A Smoothing Consensus-Based Optimization Algorithm for Nonsmooth Nonconvex Optimization

TL;DR

This paper introduces a novel smoothing consensus-based optimization algorithm capable of effectively solving nonsmooth, nonconvex, and non-Lipschitz continuous optimization problems, with proven convergence and promising numerical results.

Contribution

It develops a new CBO algorithm for nonsmooth, nonconvex problems that does not depend on mean-field limits, with theoretical convergence guarantees.

Findings

Algorithm achieves global consensus.

Converges to a global minimum.

Demonstrates strong performance on numerical examples.

Abstract

Lately, a novel swarm intelligence model, namely the consensus-based optimization (CBO) algorithm, was introduced to deal with the global optimization problems. Limited by the conditions of Ito's formula, the convergence analysis of the previous CBO finite particle system mainly focuses on the problem with smooth objective function.

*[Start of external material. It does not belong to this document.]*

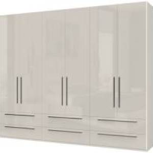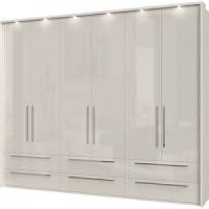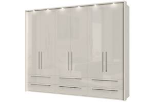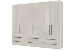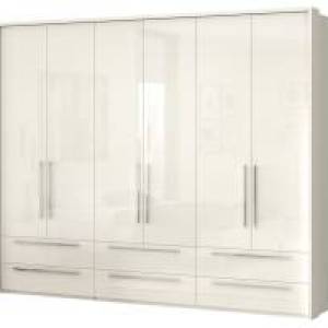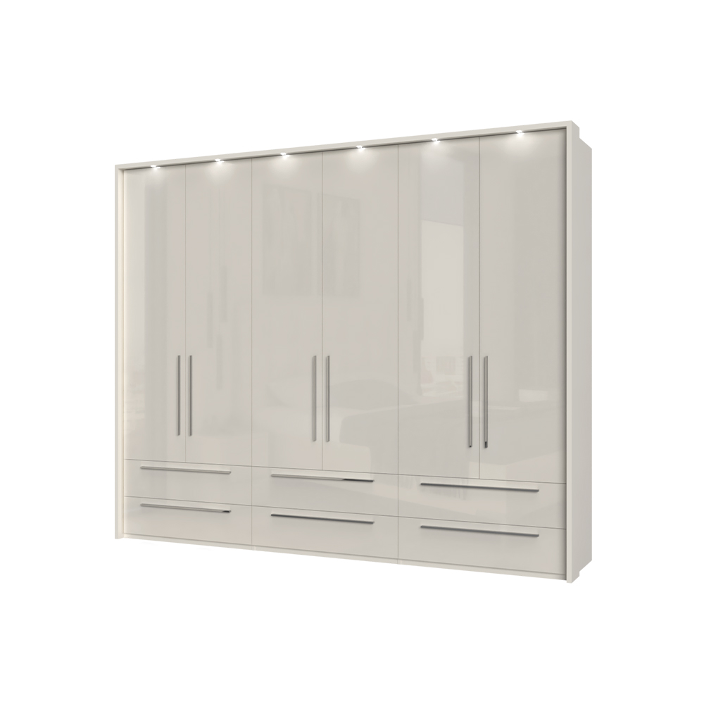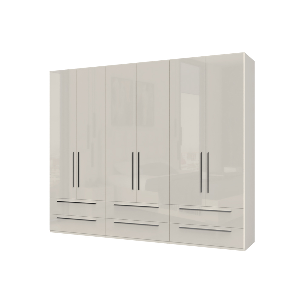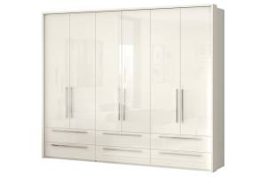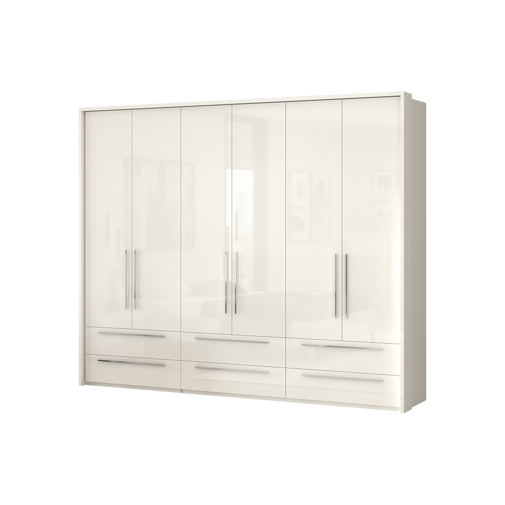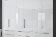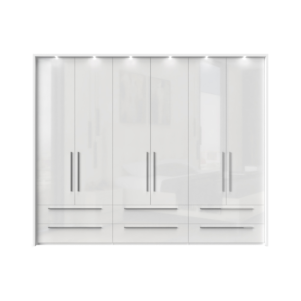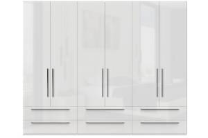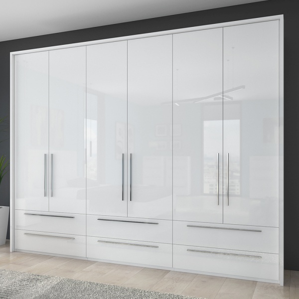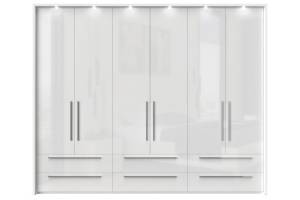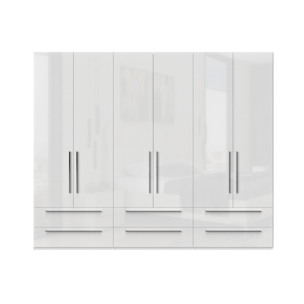 Dulap cu 6 usi si 6 sertare PIANO WHITE 272x224x56cm alb lucios, maner crom

With the help of smoothing method, this paper achieves a breakthrough by proposing an effective CBO algorithm for solving the global solution of a nonconvex, nonsmooth, and possible non-Lipschitz continuous minimization problem with theoretical analysis, which dose not rely on the mean-field limit. We indicate that the proposed algorithm exhibits a global consensus and converges to a common state with any initial data. Then, we give a more detailed error estimation on the objective function values along the state of the proposed algorithm towards the global minimum. Finally, some numerical examples are presented to illustrate the appreciable performance of the proposed method on solving the nonsmooth, nonconvex minimization problems.